The underlying geology of this part of Ayrshire is such that the presence of the many limestone quarries is to be expected. Lime kilns to produce lime for improving the soil, were a common feature of the countryside before the process became fully industrialised. Roughwood had at least two limekilns nearby and a large limestone quarry is shown on OS maps in the area of the old 'Myre' dwelling of which nothing survives other than the surrounding shape of its hedgerows. The quarry has been infilled and the limekilns demolished. These kilns would have created considerable pollution in the area, surprisingly close to Roughwood Farm.

==Burnside==
This property is located near Roughwood Bridge on the other side of the Powgree Burn. William Patrick Parker and Elizabeth Stevenson Hamilton had a child, John Parker, who was born at Burnside on 6 July 1898, Burnside; he died on 19 July 1955.

Burnside sits close to the Powgree and the garden area is suggestive of a silted up mill pond or such-like. No evidence of a mill is extant.

==Micro-history==
William Patrick of Roughwood in 1855 is said to have employed the builder and mason Robert Snodgrass to construct the 'Barnweil Monument' near Ayr to the memory of William Wallace.

Dr. Hammil, the private physician to the Emperor of Russia, is said to have descended from the Roughwood branch of the Hammil family.

A James Hammill is recorded as living at Swinrickmuir (Swindridgemuir) in the parish of Dalry in 1666.

A Hamilfield House with a walled garden stands on Bigholm Road in Beith.
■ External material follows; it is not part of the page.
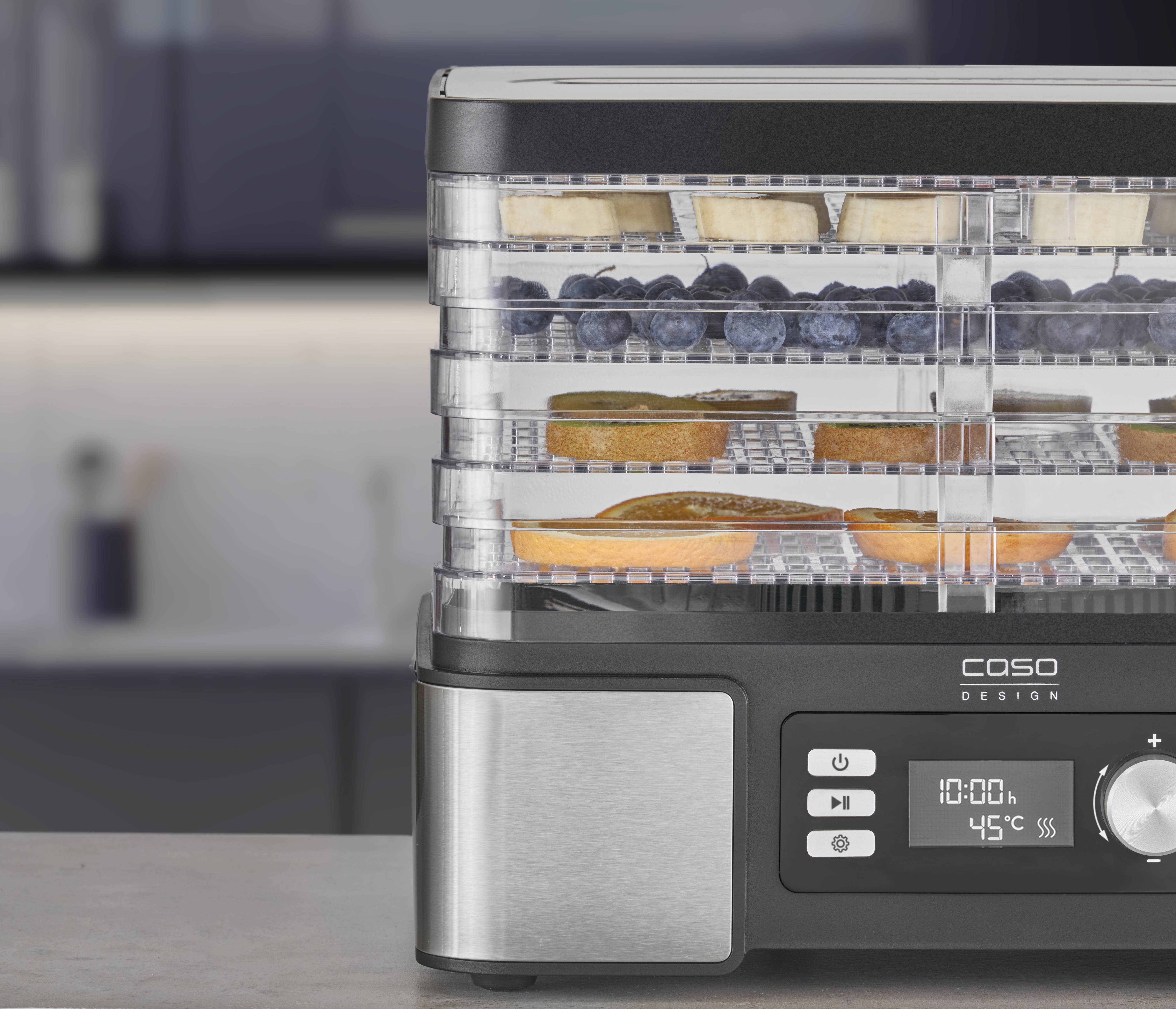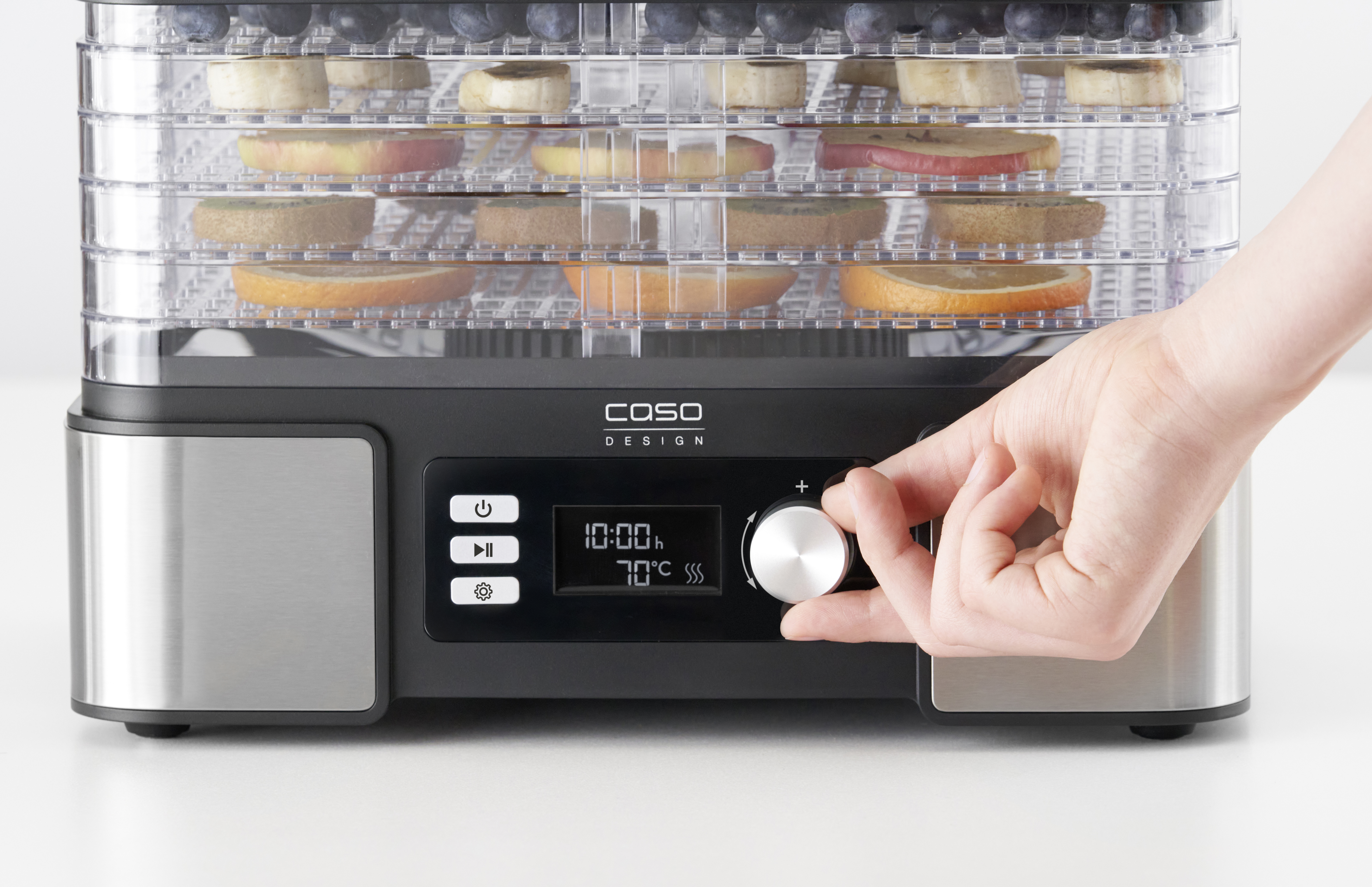 White LED screen with temperature and time display; Cover and base in high-quality stainless steel; Practical timer adjustable from 0.5 ‐ 48 hours (in 0.5 h increments) with acoustic signal when the time is up; Plenty of space thanks to 5 stackable, height-adjustable drying racks

A Hamilfield Church stood next door until destroyed by fire in 1917 and later rebuilt as the now redundant Trinity Church.

The Parker family are recorded as living at Roughwood; a Jeannie Gilmour Parker was born at Roughwood, as were her siblings, Mary, Anne and Hugh. Their father, Hugh Parker, was at Roughwood in 1795, and the family lived there for exactly 100 years, until moving to Kirkcudbrightshire, where they still farm. Their grandfather, also Hugh Parker, owned a tile making business in East Kilbride.
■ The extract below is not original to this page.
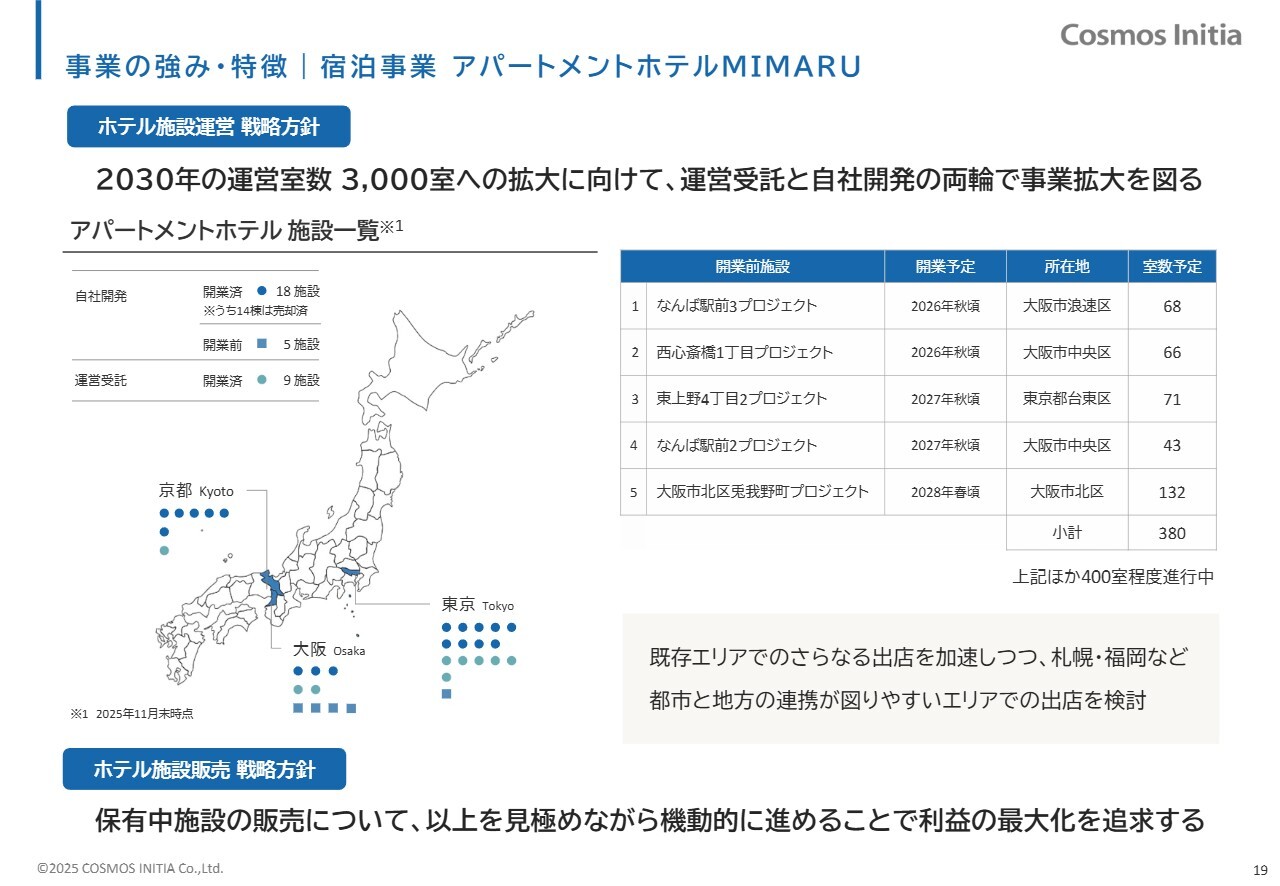 コスモスイニシア、アパートメントホテル「MIMARU」で事業拡大を加速 2030年に3,000室体制へ
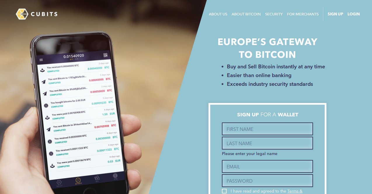 Cubits, known as “Europes Gateway to Bitcoin”, is a company that offers instantaneous exchange of Bitcoin as well as the storing of Bitcoin through their wallet. With a 3-step process to purchase Bitcoin for new users, and with global availability (excluding the USA) through the 17 accepted currencies, Cubits is arguably one of the easiest methods to buy Bitcoin in and even outside of Europe.

It is recorded in a Kirkcudbrightshire local paper that on 19 May 1886 the marriage took place in Beith of Hugh Parker of Roughwood and Anne Ritchie of Mains of Beith.

Pont's survey of the early 1600s records a 'Bar-Kyipe' lying in the barony of Kersland and Dobie records that Barkip formed part of the estate of Roughwood in 1874, belonging to William Ralston-Patrick.